→ SUPPLIED DATA:
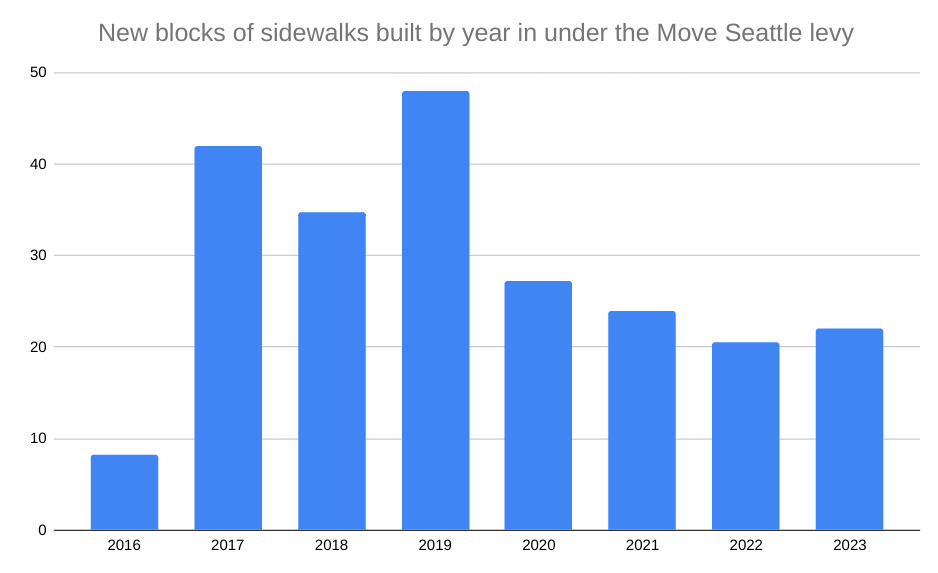 The final levy proposal that the Harrell Administration transmitted to the city council included a commitment to build 250 blocks within the first four years of the levy, still a big increase in the pace of sidewalk construction, but one that SDOT is apparently ready to handle, given the improvements that the department has been making around project delivery in recent years.
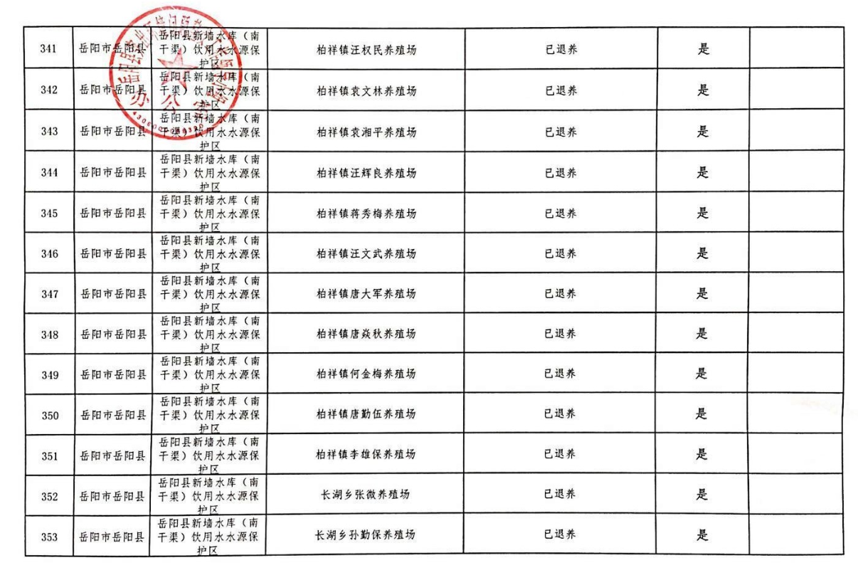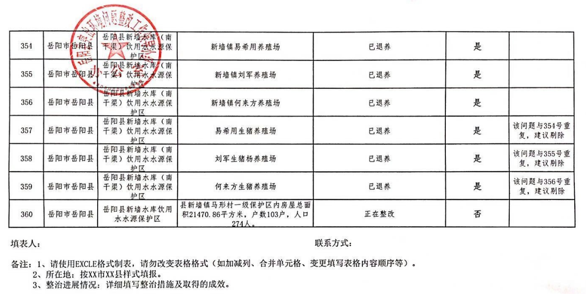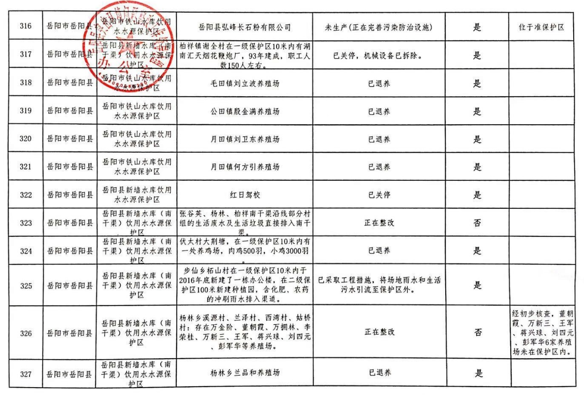 嶽陽縣縣級以上集中式飲用水水源地環境問題清理整治進展情況統計表
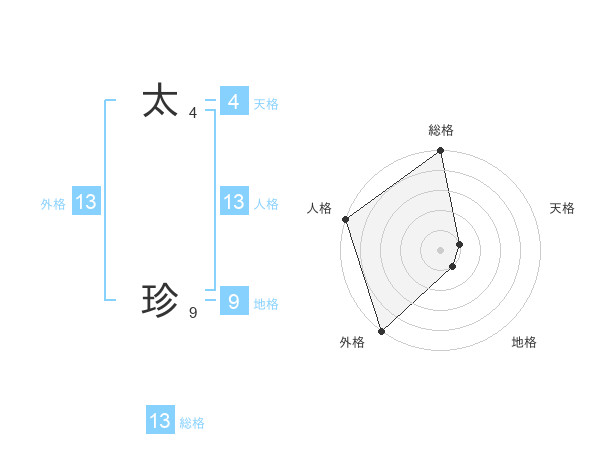太 珍さんの総格は13画の5点!
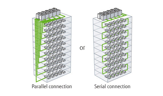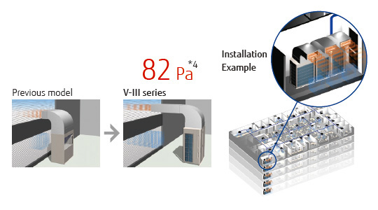 A condenser hood can be connected to the outdoor unit to achieve a standard static pressure of 82 Pa*4. This allows the outdoor unit to be installed in an equipment room in a high-rise building.
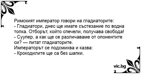 Římský císař promlouvá ke gladiátorům: „Gladiátoři, dneska budete mít zápas ve vodním pólu. Mužstvo, které vyhraje, dostane svobodu!” „A jak poznáme soupeře?” ptají se gladiátoři. Císař se...

→ WORK INSTRUCTION:
Only the pictures should be left out; write out everything else in the records exactly.

→ EXERCISE RESULT:
 The final levy proposal that the Harrell Administration transmitted to the city council included a commitment to build 250 blocks within the first four years of the levy, still a big increase in the pace of sidewalk construction, but one that SDOT is apparently ready to handle, given the improvements that the department has been making around project delivery in recent years.
 嶽陽縣縣級以上集中式飲用水水源地環境問題清理整治進展情況統計表
太 珍さんの総格は13画の5点!
 A condenser hood can be connected to the outdoor unit to achieve a standard static pressure of 82 Pa*4. This allows the outdoor unit to be installed in an equipment room in a high-rise building.
 Římský císař promlouvá ke gladiátorům: „Gladiátoři, dneska budete mít zápas ve vodním pólu. Mužstvo, které vyhraje, dostane svobodu!” „A jak poznáme soupeře?” ptají se gladiátoři. Císař se...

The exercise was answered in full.